At the Charing Cross Symposium (15–18 April 2019, London, UK), Ian Chetter (Hull, UK) presented on the pathway from assessment to treatment for patients with surgical wounds healing by second intention (SWHSI), discussing the impact this may have on such factors as quality of life. In this article on the work conducted by SWHSI and SWHSI-2 researchers, Chetter and Catherine Arundel (York, UK) explore the range of treatments available, comparing their efficacy and popularity with patients.
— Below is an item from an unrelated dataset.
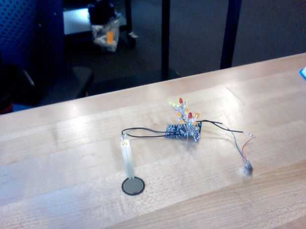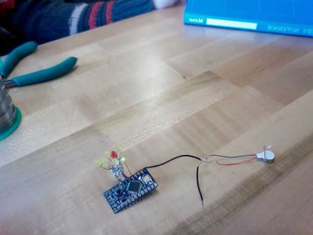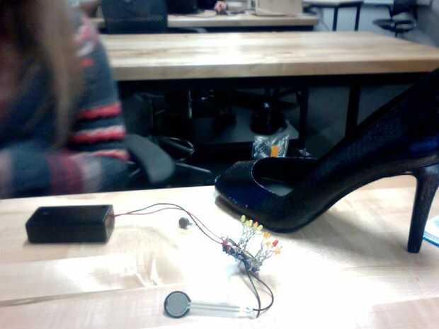 yo primero soldar los LEDs de 2 flores en el Arduino Pro Mini 3.3V. Luego que soldados de la fuerza de sensor y la vibración del motor en el arduino. El sensor de fuerza conectado a VCC y A2. El motor de vibración conectado al pin9 y tierra. Los pétalos de la flor conexión a sus números de pin (2-5, 10-13) y la tierra. A continuación soldar una conexión para el USB FTDI TTL-232R-3V3 - nivel Serial Converter Cable TTL que sería cargar mi codigo de mi portátil en el arduino. Arduino está conectado a una batería de 9V a través de la soldadura es adjunto a continuación en la parte inferior trasera del talón.

Over 10 million surgical operations occur within the NHS each year,¹ with associated surgical incisions usually closed with sutures or staples. However, it may not always be possible to close the wound and, even if it is, the wound might dehisce following closure. In such situations, the wound may be left open to heal by secondary intention – from the bottom up through formation of granulation tissue.

SWHSI may require frequent dressing changes, with a range of options available from simple, non-adherent dressings to more expensive, complex treatments such as negative pressure wound therapy (NPWT). The management of these wounds can also be challenging given their prolonged healing trajectory and the potential need for extended hospitalisation or additional treatments.²

Despite the complexity of these wounds, and the extensive treatments required, there is a limited evidence base relating to patient and wound characteristics, healing rates and the effectiveness of treatments for SWHSI³. A recently completed NIHR-funded Programme Grant for Applied Research (reference: RP-PG-0609-10171) has resulted in a better understanding of the management of SWHSI through a range of research methods, including a cross-sectional survey, cohort study, econometric modelling, and a pilot, feasibility trial.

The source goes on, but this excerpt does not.